Work instruction =>
Reproduce the listing below exactly, beginning with its first line and ending with the line that holds "A refined pair"; pictures are not part of the copy.

Data =>
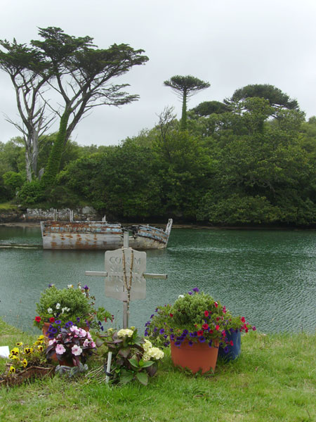 Das frische Gedenkkreuz steht vermutlich in keinem unmittelbaren Zusammenhang mit dem alten Wrack.
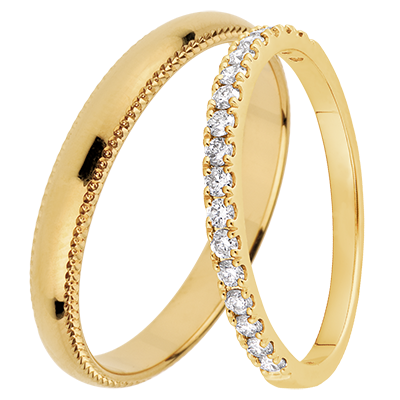 A refined pair of wedding bands for her & him. For her, a half-pavé band set with 18 sparkling diamonds (0.26 carat), for him, a finely engraved 3mm yellow gold band.
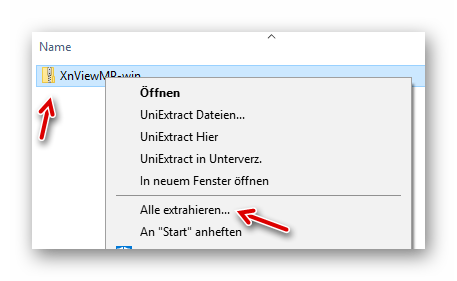 Danach mit der rechten Maustaste auf die ZIP-Datei klicken und den Unterpunkt “Alles extrahieren” auswählen:
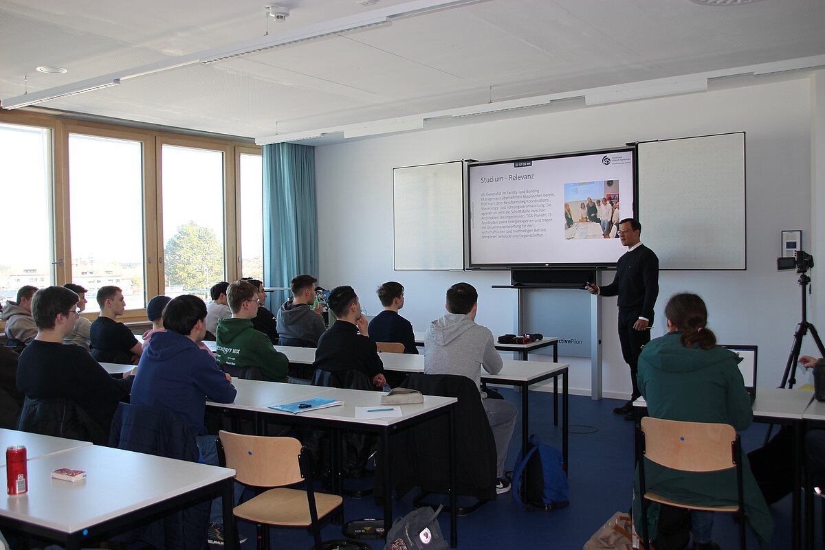 Wie eine solche Kooperation konkret aussehen kann, zeigte vor Kurzem ein Besuch an der Bertha-Benz-Schule in Sigmaringen. Im Wahlfach „Sondergebiete der Technik“ der Jahrgangsstufe 1 von Urban Eschbach stellten Prof. Reg.-Bm. Lorenz Bock und Elke Konday den Studiengang Smart Building Engineering and Management vor. Neben Einblicken in nachhaltige Gebäudeplanung, Energieeffizienz und Wirtschaftlichkeitsberechnungen konnten die Schülerinnen und Schüler selbst aktiv werden: Sie maßen das Raumvolumen ihres Klassenzimmers mit einem Lasermessgerät, testeten eine Thermografiekamera und lernten die Funktionsweise einer Wärmepumpe kennen. Das große Interesse und die engagierte Mitarbeit unterstrichen den Mehrwert solcher direkten Einblicke.

Reply =>
 Das frische Gedenkkreuz steht vermutlich in keinem unmittelbaren Zusammenhang mit dem alten Wrack.
 A refined pair of wedding bands for her & him. For her, a half-pavé band set with 18 sparkling diamonds (0.26 carat), for him, a finely engraved 3mm yellow gold band.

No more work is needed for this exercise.